DIRECTIONS: In the entries below, find the line with "Orient SDT00002W - это" and the line with "On arrive sur"; give again those lines and every line between them, exactly.

DATA LISTING:
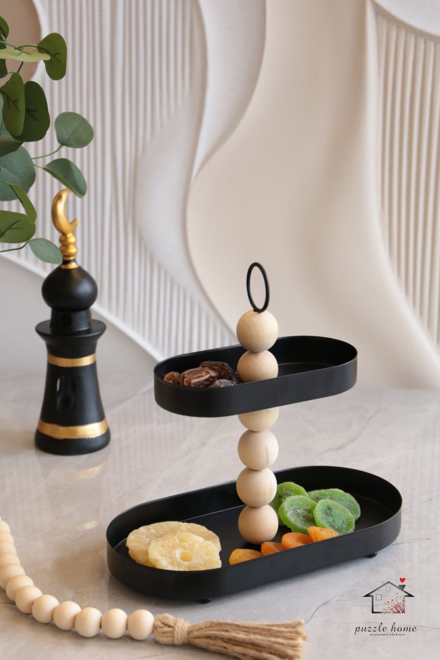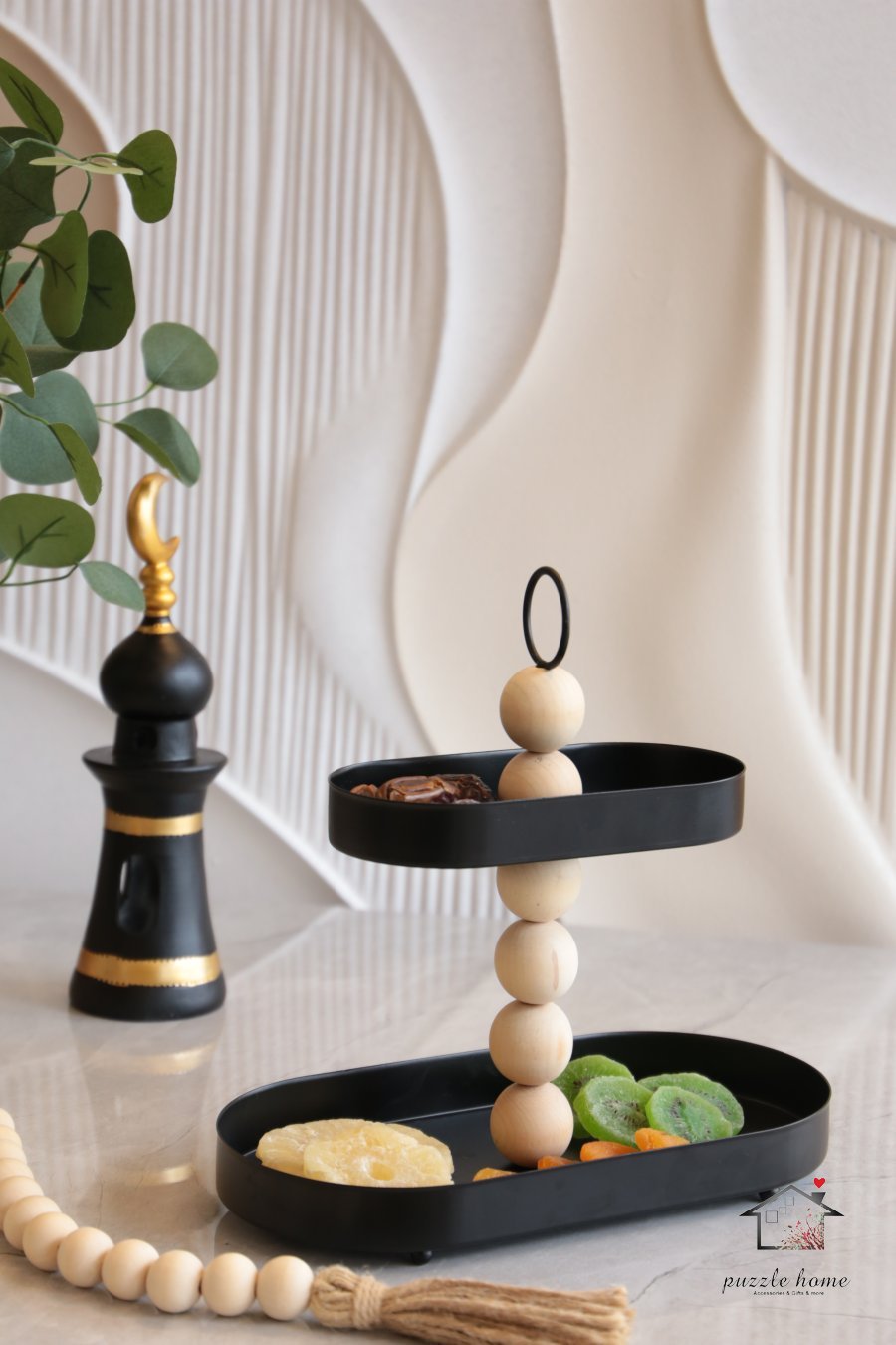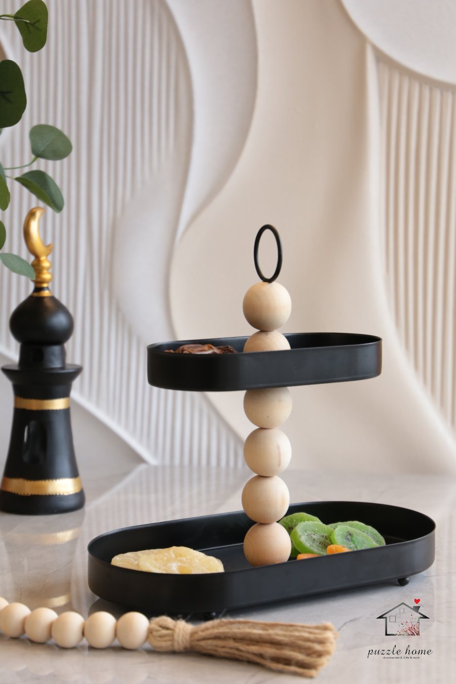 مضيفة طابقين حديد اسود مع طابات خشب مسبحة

--

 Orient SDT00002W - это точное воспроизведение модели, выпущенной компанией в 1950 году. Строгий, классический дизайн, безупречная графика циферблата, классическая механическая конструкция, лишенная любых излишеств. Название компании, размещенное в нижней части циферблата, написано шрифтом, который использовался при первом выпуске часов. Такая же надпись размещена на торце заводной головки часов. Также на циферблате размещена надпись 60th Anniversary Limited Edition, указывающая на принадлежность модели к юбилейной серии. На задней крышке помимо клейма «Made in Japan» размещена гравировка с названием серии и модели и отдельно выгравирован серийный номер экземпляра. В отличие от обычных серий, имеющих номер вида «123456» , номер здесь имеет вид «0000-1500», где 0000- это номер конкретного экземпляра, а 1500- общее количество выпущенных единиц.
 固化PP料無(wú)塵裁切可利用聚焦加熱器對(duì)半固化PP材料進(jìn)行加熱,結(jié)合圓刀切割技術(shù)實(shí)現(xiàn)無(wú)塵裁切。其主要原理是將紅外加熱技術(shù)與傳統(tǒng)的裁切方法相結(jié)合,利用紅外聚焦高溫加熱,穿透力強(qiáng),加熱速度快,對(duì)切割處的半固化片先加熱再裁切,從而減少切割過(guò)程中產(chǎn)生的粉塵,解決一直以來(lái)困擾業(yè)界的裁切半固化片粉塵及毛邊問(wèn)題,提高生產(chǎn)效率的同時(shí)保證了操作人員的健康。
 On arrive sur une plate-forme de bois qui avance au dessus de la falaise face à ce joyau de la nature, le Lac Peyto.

OUTPUT FOR THIS EXERCISE:
 Orient SDT00002W - это точное воспроизведение модели, выпущенной компанией в 1950 году. Строгий, классический дизайн, безупречная графика циферблата, классическая механическая конструкция, лишенная любых излишеств. Название компании, размещенное в нижней части циферблата, написано шрифтом, который использовался при первом выпуске часов. Такая же надпись размещена на торце заводной головки часов. Также на циферблате размещена надпись 60th Anniversary Limited Edition, указывающая на принадлежность модели к юбилейной серии. На задней крышке помимо клейма «Made in Japan» размещена гравировка с названием серии и модели и отдельно выгравирован серийный номер экземпляра. В отличие от обычных серий, имеющих номер вида «123456» , номер здесь имеет вид «0000-1500», где 0000- это номер конкретного экземпляра, а 1500- общее количество выпущенных единиц.
 固化PP料無(wú)塵裁切可利用聚焦加熱器對(duì)半固化PP材料進(jìn)行加熱,結(jié)合圓刀切割技術(shù)實(shí)現(xiàn)無(wú)塵裁切。其主要原理是將紅外加熱技術(shù)與傳統(tǒng)的裁切方法相結(jié)合,利用紅外聚焦高溫加熱,穿透力強(qiáng),加熱速度快,對(duì)切割處的半固化片先加熱再裁切,從而減少切割過(guò)程中產(chǎn)生的粉塵,解決一直以來(lái)困擾業(yè)界的裁切半固化片粉塵及毛邊問(wèn)題,提高生產(chǎn)效率的同時(shí)保證了操作人員的健康。
 On arrive sur une plate-forme de bois qui avance au dessus de la falaise face à ce joyau de la nature, le Lac Peyto.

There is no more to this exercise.